History

Great Britain
- Name: Albion
- Namesake: Albion
- Owner: 1800:J. Hayman; 1810:Higgins;
- Builder: Obadiah Ayles, Topsham, Devon
- Launched: 18 January 1800
- Fate: Condemned 1816

General characteristics
- Tons burthen: 367, or 36762⁄94, or 369 (bm)
- Propulsion: Sail
- Armament: 1801:6 × 12-pounder guns ("of the New Construction"; NC); 1810:8 × 6-pounder guns + 2 × 12-pounder guns (NC) + 8 × 6-pounder guns; 1814:12 × 9-pounder guns + 2 × 12-pounder carronades;

= Albion (1800 ship) =

British merchant ship 1800–1816

Albion was launched at Topsham, Devon, in 1800. She spent most of her career sailing between London and Jamaica. After 1814 she held a license from the British East India Company to trade with India, but she does not appear to have availed herself of the option. In 1814 the American privateer Brutus captured Albion, but the British recaptured her within a few days. She was condemned at Charleston, South Carolina, and broken up in 1816.

==Career==
Albion first appears in Lloyd's Register in 1800.

| Year | Master | Owner | Trade |
|---|---|---|---|
| 1800 | G.Potbury | J. Hayman | Exeter—London |
| 1801 | Postbury J. Hayman | Hayman | London transport London—Jamaica |
| 1802 | J.Hayman C. Warden | Hayman | London—Cape of Good Hope |
| 1803 | J.Hayman C. Warden | Hayman | London—Cape of Good Hope London—Jamaica |
| 1804 | C. Warden J. Antrobus | Haman | Cork—Jamaica London—Jamaica |
| 1805 | J.Antrobus Butler | Hayman | London—Jamaica |
| 1806 | J.Antrbus Butler | Hayman | London—Jamaica |
| 1807 | Butler | Hayman | London—Jamaica |
| 1808 | Butler | Hayman | London—Jamaica |
| 1809 | Butler | Hayman | London—Jamaica |
| 1810 | Butler Deanham | Hayman Higgins | London—Jamaica |
| 1811 | Denham A. Smith | Higgins | London—Jamaica |
| 1812 | A. Smith A. M'Neil | Higgins | London—Jamaica |
| 1813 | A. M'Neil L. Hall | Higgins | London—Jamaica |
| 1814 | L.Hall Skolding | Higgins | London—Jamaica |

==Capture and recapture==
On 25 December 1814, towards the end of the War of 1812, the American privateer schooner Brutus captured Albion, "Skoulding", master, off the coast of Ireland as Albion was sailing to Bermuda from England. Brutus was armed with 12 guns and had a crew of 120 men. Even so, Albion resisted for some two hours.

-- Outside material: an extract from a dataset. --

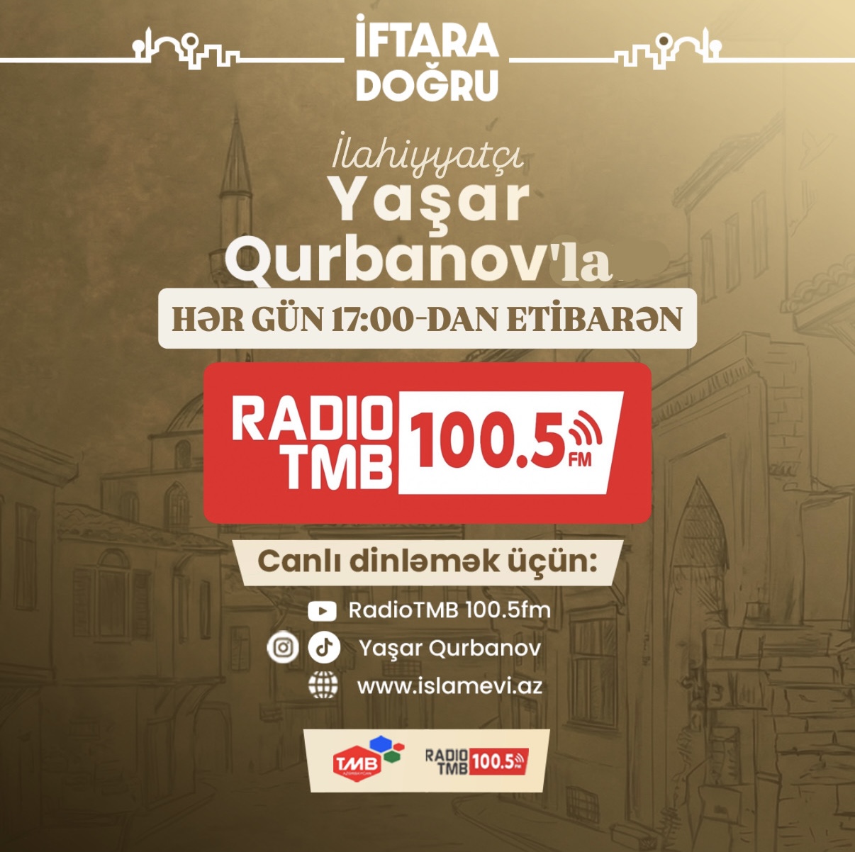 Hörmətli izləyicilərimiz! 18 Fevral 2026-ci ildən etibarən hər gün 17:00-dan etibarən TMB FM-də (100.5 fm | Bakı) “İftara doğru” verilişini dinləyə bilərsiniz.

Brutus, of Boston, was under the command of Captain William Austin. American records indicate that at the time of capture Albion, of 350 tons, was armed with eight guns and had a crew of 15 men. Her captors estimated the value of Albions cargo at $200,000. Austin put a prize crew on board her and sent her to America.

However, on 7 January 1815 Harlequin, Allen, master, recaptured Albion, "Scolding", master, at and sent her into Liverpool.

| Year | Master | Owner | Trade | Source |
| 1815 | J.Skelding | Higgins | London—Jamaica |
| 1816 | J.Skelding W.Curry | Higgins | London—Jamaica |

==Fate==
As Albion was sailing from Jamaica to London, Curry had to put into Havana on 18 October, having sprung a leak. She landed and sold 70 hogsheads of sugar. She was expected to sail again on 18 November.

Curry did not get far. Albion put into Charleston in some distress. At Charleston the surveyors condemned her as unseaworthy. She was sold on 11 January 1816 for breaking up. Her cargo was put on , Wilson, master.